The processor 81 may be a central processor (english: central processing unit, abbreviated: CPU), a network processor (english: network processor, abbreviated: NP) or a combination of CPU and NP.
The processor 81 may further include a hardware chip. The hardware chip may be an application-specific integrated circuit (ASIC), a Programmable Logic Device (PLD), or a combination thereof (English: programmable logic device). The PLD may be a complex programmable logic device (English: complex programmable logic device, abbreviated: CPLD), a field-programmable gate array (English: field-programmable GATE ARRAY, abbreviated: FPGA), a general-purpose array logic (English: GENERIC ARRAY logic, abbreviated: GAL), or any combination thereof.
Optionally, the memory 84 is also used for storing program instructions. Processor 81 may invoke program instructions to implement the data analysis methods as shown in the embodiments of the present application in fig. 1-3 and fig. 5-6.

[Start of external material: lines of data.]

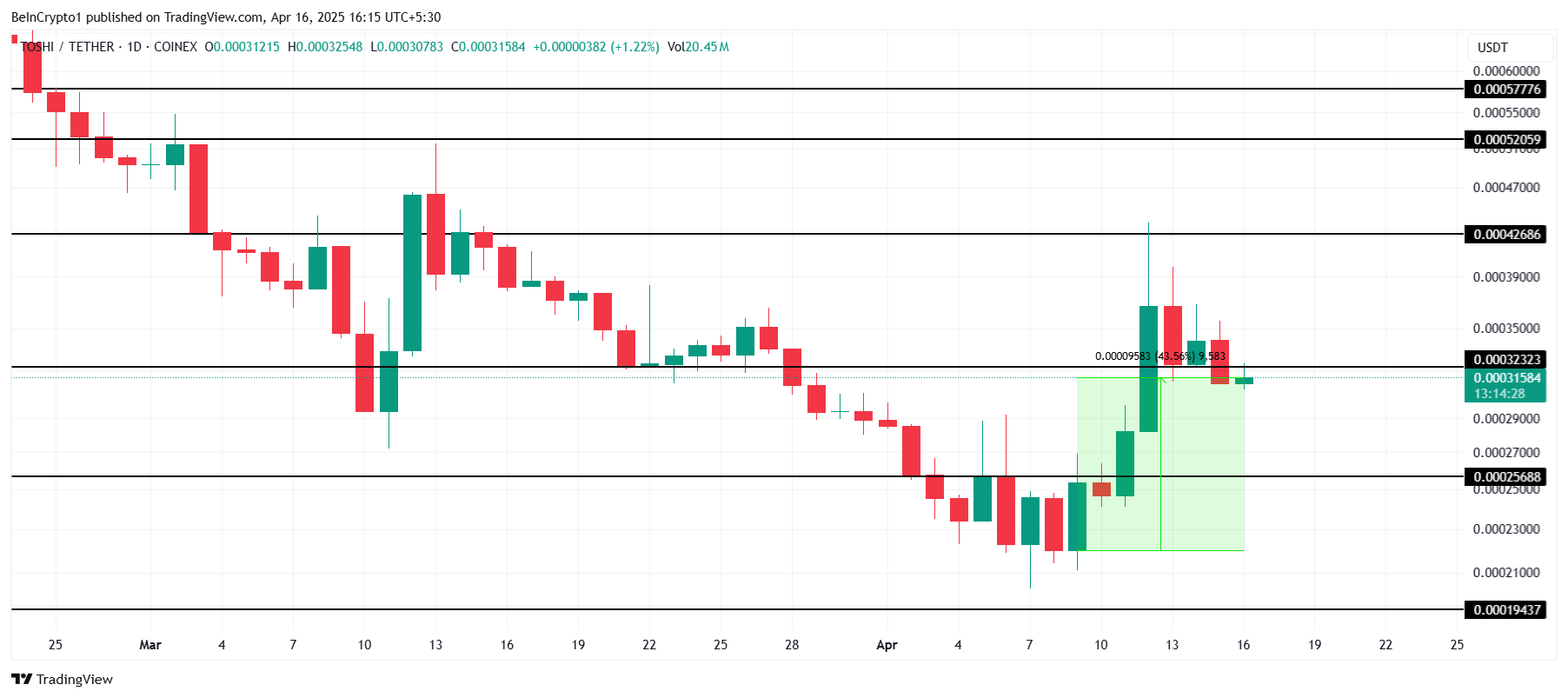 Agar TOSHI $0.000323 qo‘llab-quvvatlash darajasini qayta tiklasa, bu meme tanga yana yuqoriga ko‘tarilishi mumkin. Barqaror qo‘llab-quvvatlash TOSHIni $0.000426 qarshilik darajasiga yetkazishi mumkin. Bu investorlar uchun foyda olish imkoniyatini yaratadi va qisqa muddatda tangaga ijobiy qarashni mustahkamlaydi.
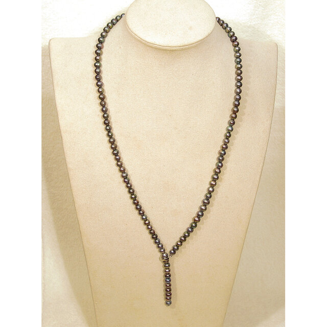 照りの美しい本真珠(淡水パール、マルチカラー)のYネックレスです。南洋真珠の様なピーコックグリーンなど、とても美しい色合いが見られ、縞もほぼ見られない高品質の本真珠です。
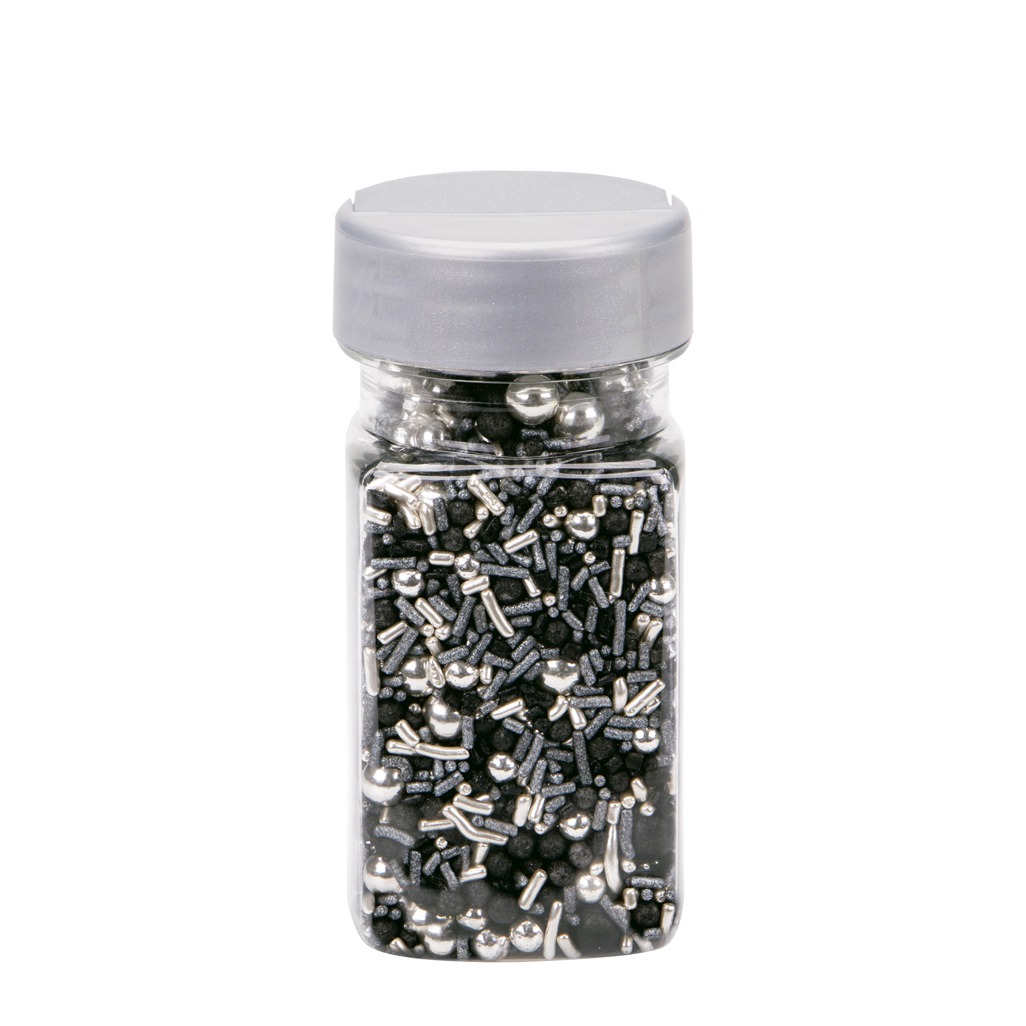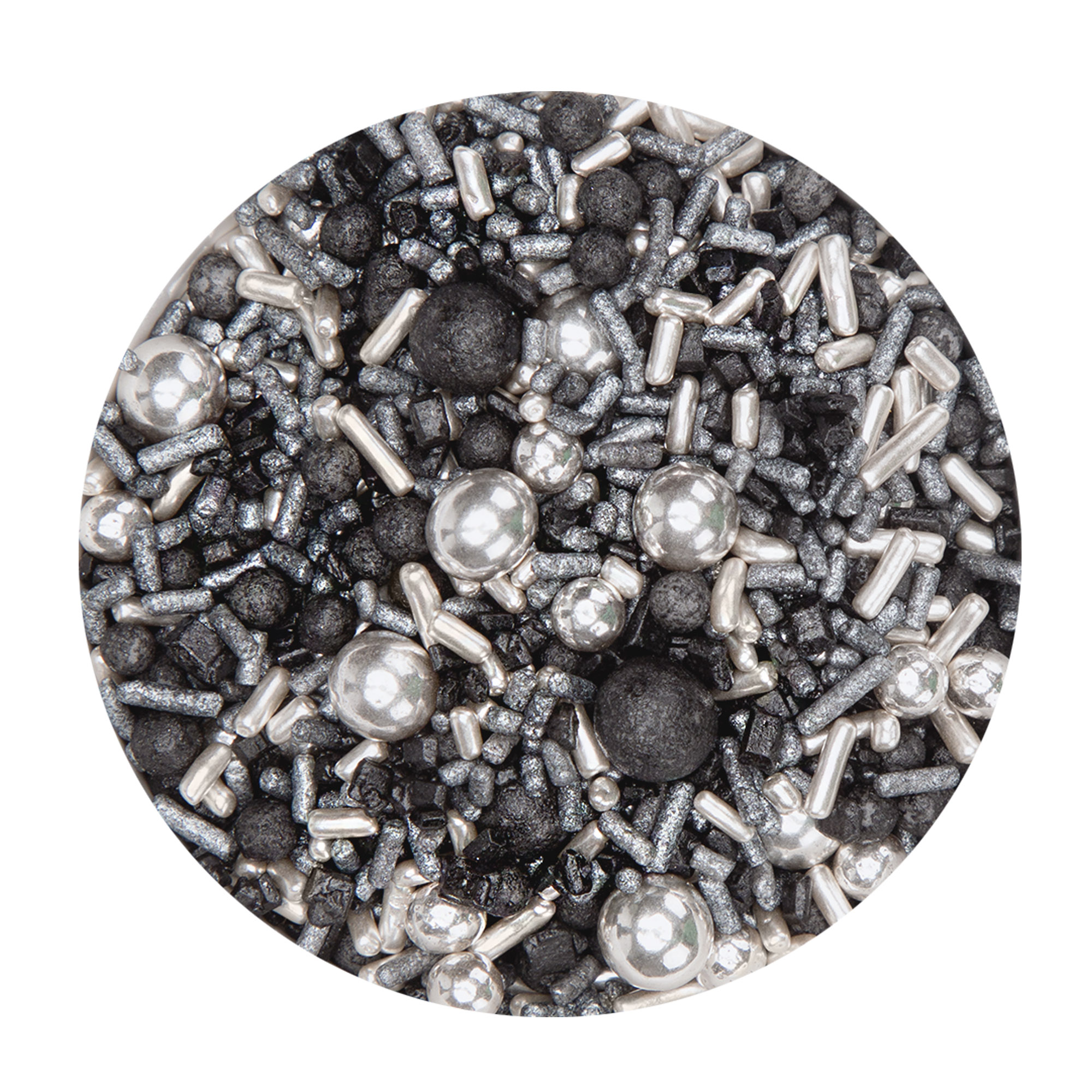 Zutaten: Zucker; Kartoffelstärke; Sonnenblumenöl; Reismehl; Farbstoffe: Pflanzenkohle (E153), Titandioxid (E171), Überzugsmittel: Schellack (E904).
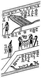 [paragraph continues] As the further course of the corridor will be described under the Fifth Hour we may pass on to consider the Boat of the Sun, and the means by which the god makes his way onward.

The embodiment of the invention also provides a data analysis system, which comprises:
The target vehicle in the above embodiment, for performing the data analysis method of any one of the above embodiments;
the cloud server is connected with the target vehicle and used for executing the data analysis method in any one of the above embodiments.
The embodiment of the invention also provides a non-transitory computer storage medium, wherein the computer storage medium stores computer executable instructions, and the computer executable instructions can execute the data analysis method in any of the method embodiments. The storage medium may be a magnetic disk, an optical disk, a Read-Only Memory (ROM), a random access Memory (Random Access Memory, RAM), a Flash Memory (Flash Memory), a hard disk (HARD DISK DRIVE, abbreviated as HDD), a Solid state disk (Solid-STATE DRIVE, SSD), or the like; the storage medium may also comprise a combination of memories of the kind described above.
Although embodiments of the present invention have been described in connection with the accompanying drawings, various modifications and variations may be made by those skilled in the art without departing from the spirit and scope of the invention, and such modifications and variations fall within the scope of the invention as defined by the appended claims.